- Awarded for: Outstanding contributions in physics, chemistry, medicine, and economics
- Country: International
- Presented by: Clarivate
- Reward(s): Recognition
- First award: 1989
- Currently held by: Various winners (Physiology or Medicine; Physics; Chemistry; Economics);
- Website: Hall of Citation Laureates

= Clarivate Citation Laureates =

Clarivate Citation Laureates, formerly Thomson Reuters Citation Laureates, is a list of candidates considered likely to win the Nobel Prize in their respective field. The candidates are so named based on the citation impact of their published research.The list of awardees is announced annually prior to the Nobel Prize ceremonies of that year. In October 2016, Thomson Reuters Intellectual Property and Science Business was acquired by Onex and Baring Asia and the newly independent company was named as Clarivate.

Thomson Reuters Citation Laureates was established in 1989. The list pertains to likely Nobel Prize winners in medicine, chemistry, physics, and economics.
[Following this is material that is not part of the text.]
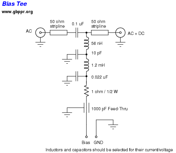 This version has an input/output impedance of 50 Ohms and should have a low insertion loss from 5 kHz to 3 GHz. The maximum DC voltage and currents ratings will vary with components used (50 V / 500 mA typical). Keep the RF input power under 2 Watts.
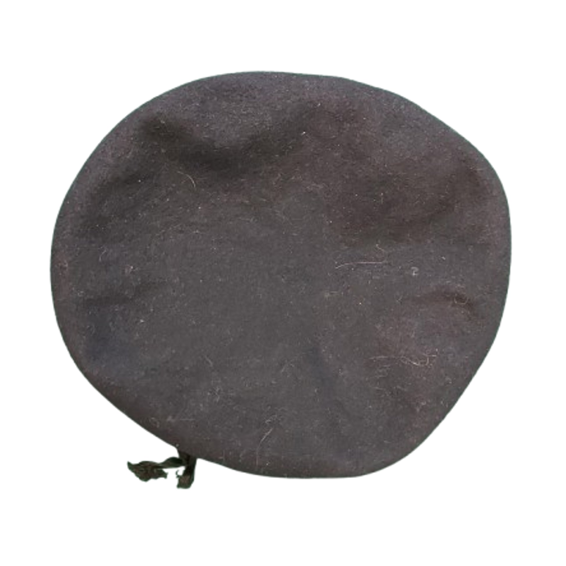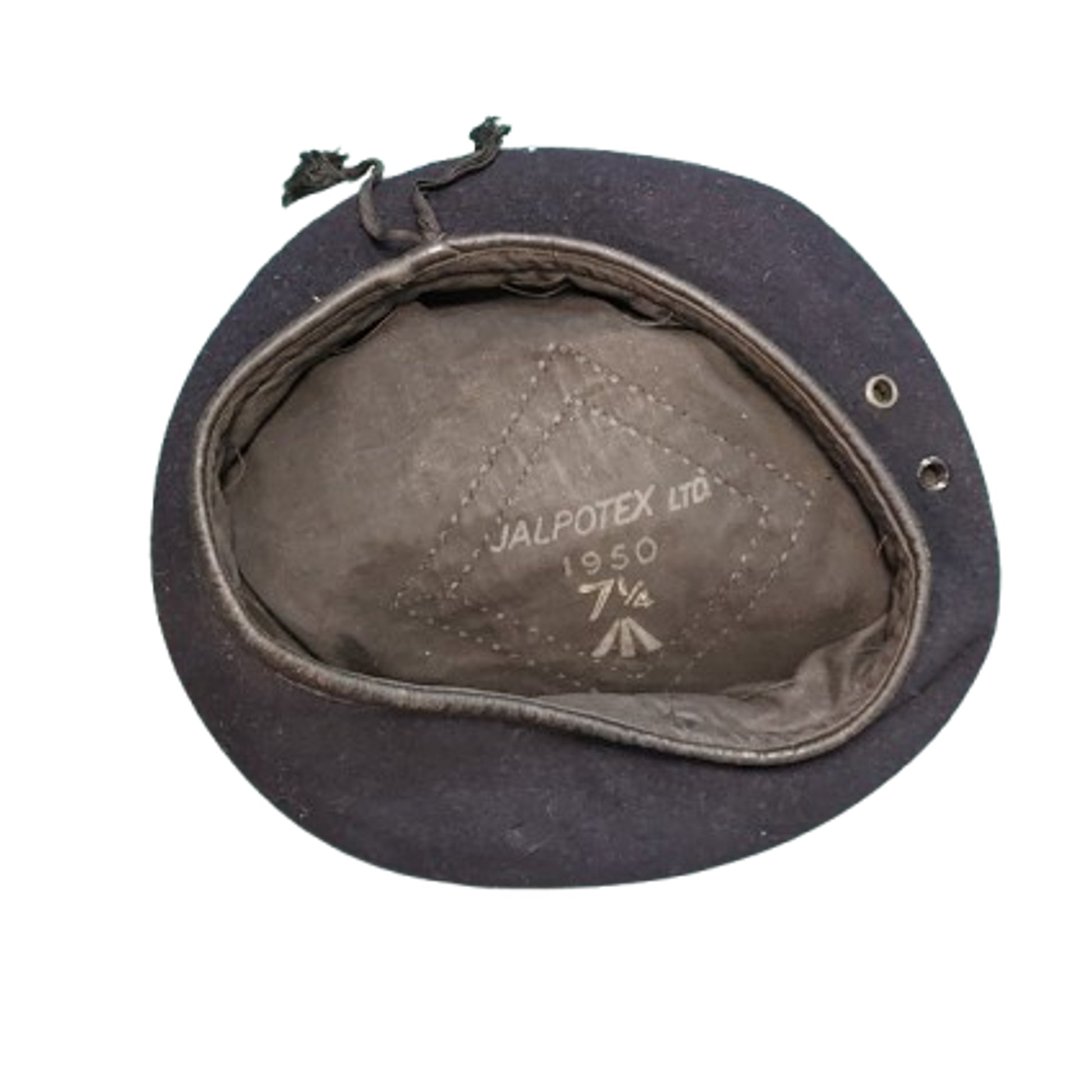 Black wool construction with leather headband and black material lining. Maker marked to the interior, Jalpotex Ltd. and dated 1950 with a large British Broadarrow. Marked as size 7 1/4. SKU: 63468

There appears to be a correlation between high citation rates for a published researcher and the award of prestigious accolades. Furthermore, citation rates disclose researchers furnishing instrumental contributions that advance the science of their respective field. Finally, choosing one tenth of one percent (0.1%) of the highest impact papers winnows the analysis to the topics and people most likely to be selected by Nobel selection committee.

However, the selection process of the Nobel selection committee is more complex than the above. At least one from the list of Thomson Reuters Citation Laureates has won a Nobel Prize each year since 1989, except for 1993 and 1996. From 2002 to 2017, 43 Nobel Prize winners were produced from 300 Thomson Reuters Citation Laureates. As of October 2022, 71 of the 396 named scientists later actually won a Nobel Prize.

The Thomson Reuters list are researchers who have been cited often in the previous two or more decades, "write multiple high-impact reports, and do so over many years."